▶ _Exercise directions_
Print every line of the listing below, starting with the line that holds "지역활동가들에게 처음으로 #수원에" and going on through the line that holds "Set Includes: 3", both included, and print nothing else.

▶ _Material for the task_
***

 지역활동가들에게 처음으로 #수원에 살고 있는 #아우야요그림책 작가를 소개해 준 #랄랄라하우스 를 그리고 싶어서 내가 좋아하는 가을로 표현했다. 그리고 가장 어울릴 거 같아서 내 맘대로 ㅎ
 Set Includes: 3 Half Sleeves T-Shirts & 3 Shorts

***

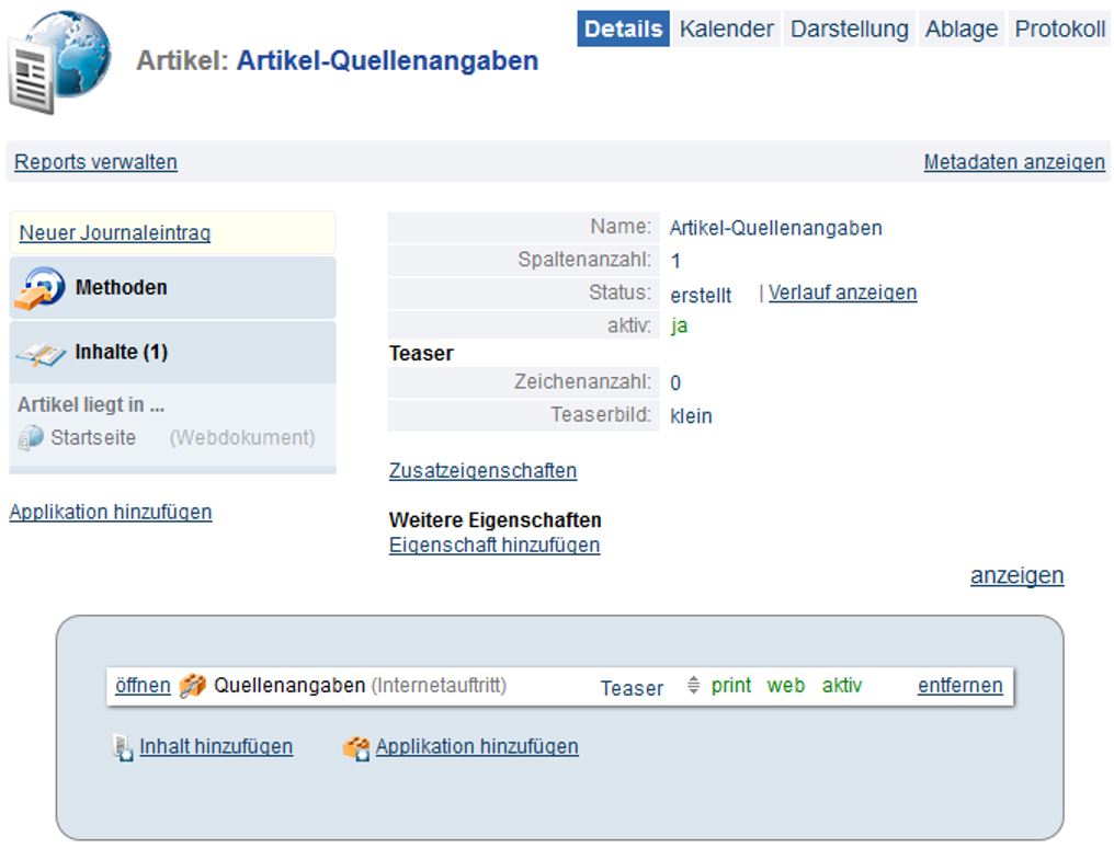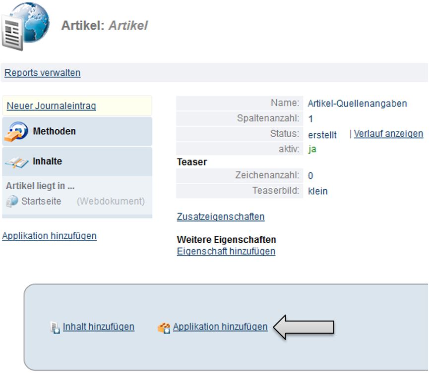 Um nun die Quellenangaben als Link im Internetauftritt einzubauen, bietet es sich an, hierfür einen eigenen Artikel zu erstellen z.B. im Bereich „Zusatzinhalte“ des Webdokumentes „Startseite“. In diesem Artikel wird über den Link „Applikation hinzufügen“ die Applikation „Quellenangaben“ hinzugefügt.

***

▶ _Task output_
 지역활동가들에게 처음으로 #수원에 살고 있는 #아우야요그림책 작가를 소개해 준 #랄랄라하우스 를 그리고 싶어서 내가 좋아하는 가을로 표현했다. 그리고 가장 어울릴 거 같아서 내 맘대로 ㅎ
 Set Includes: 3 Half Sleeves T-Shirts & 3 Shorts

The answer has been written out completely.